Take this past weekend for example, in addition to the usual day to day obligations and appointments (there was fortunately but oddly no weddings or funerals) there was a sick call in a home, confessions, mass, and then attending the Booster’s Final Four party. (C. S. Lewis once said that “Duty is none the less for being pleasure.) The next morning between masses there was the welcoming of new parishioner’s reception, running from that to the Blue and Gold banquet to bless the track for the Pinewood Derby, leaving that to welcome friends to the baptism of their boys. A quite enjoyable weekend. They are not all that nice, some are busier, some less, and there was mundane stuff going on under all that. But there is a lesson here. And the lesson is this: If you are a practicing Catholic and you take a career aptitude test and it suggests that you should be a cruise line director, you may actually be called to be Catholic priest.


I’m just saying.

10 comments:

Anonymous said...

When I took a career test in high school, it suggested, in the top three, that I should be an actress, a singer, or...a rabbi.

Anonymous said...

Wow, I got Love Boat flashbacks. I don't know whether to thank you or curse you, father. :-D

My print out said FBI agent. Honestly. I figured I'd go the whole hog and try the CIA; I even had their massive "junior CIA agent" application, and then saw that they don't allow employees to keep journals. This is understandable from their perspective, but I wasn't about to censor my thoughts for anyone.

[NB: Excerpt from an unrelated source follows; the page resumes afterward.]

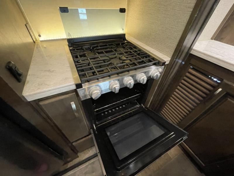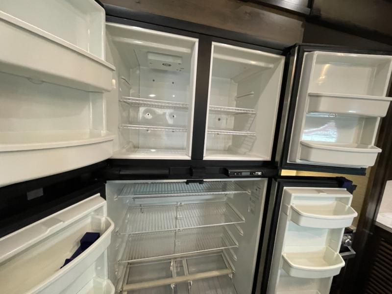 Step inside and you’ll immediately notice the residential-style interior, complete with solid surface countertops, stainless steel appliances, a convection microwave, and a full-size oven—making it easy to cook just like you would at home. Comfortable seating, including upgraded furniture with LED lighting, heat, and massage features, creates a true luxury lounge experience on the road.

I became a journalist. :-)

Anika

Odysseus said...

-you were to take a straight metal bar about the diameter of a coat hanger and stick it through an assigned hole in a shoebox sized container filled with index cards and lift.-

I started at the Univ. of Arizona in Fall 1991. One English requirement was to learn the CARD CATALOG. Yes, we had to learn how to operate the card catalog to find our sources in the library.

This is the part where everyone under 30 scratches their head and says, "card catalog?".

I think computers took over the very next year. By 1993 at the latest.

Odysseus said...

-you were to take a straight metal bar about the diameter of a coat hanger and stick it through an assigned hole in a shoebox sized container filled with index cards and lift.-

I started at the Univ. of Arizona in Fall 1991. One English requirement was to learn the CARD CATALOG. Yes, we had to learn how to operate the card catalog to find our sources in the library.

This is the part where everyone under 30 scratches their head and says, "card catalog?".

I think computers took over the very next year. By 1993 at the latest.

Anonymous said...

I always knew what any test would suggest: Investor (in sackcloth and ashes.. and, now, also in Depends).

You people are nuts. Lovable ones.

Adoro said...

A Cruise Director, a Rabbi, an FBI Agent, a Librarian, and an Investor walked into a bar.

The Barkeep says, "What, is this a joke?

And we say, "No...the career tests were..."

(FYI ~ "Comedienne" was never on my list of possible careers.)

Adrienne said...

Thank God I was to be a plumber. Would have really mucked things up if I was called to the prieshood.

Unknown said...

Father dare I be so bold as to suggest that "Whats wrong with the world" can be traced directly to aptitude testing that told high schoolers they should plan for a lifetime career in cruise directing?

One wonders if Disco instructor was an option there as well.

Fr. V said...

LOL!

Anonymous said...

"Rabbi Adoro".. Well, it had a nice ring to it for a moment, lol.

Fr. V, perhaps it's time for you to begin making the book-to-be, "The Monday Diaries" a reality, yes?

Simple Sinner, yes, I think Disco Instructor was an option--surely that is what Womynpriests mistook for the invitation.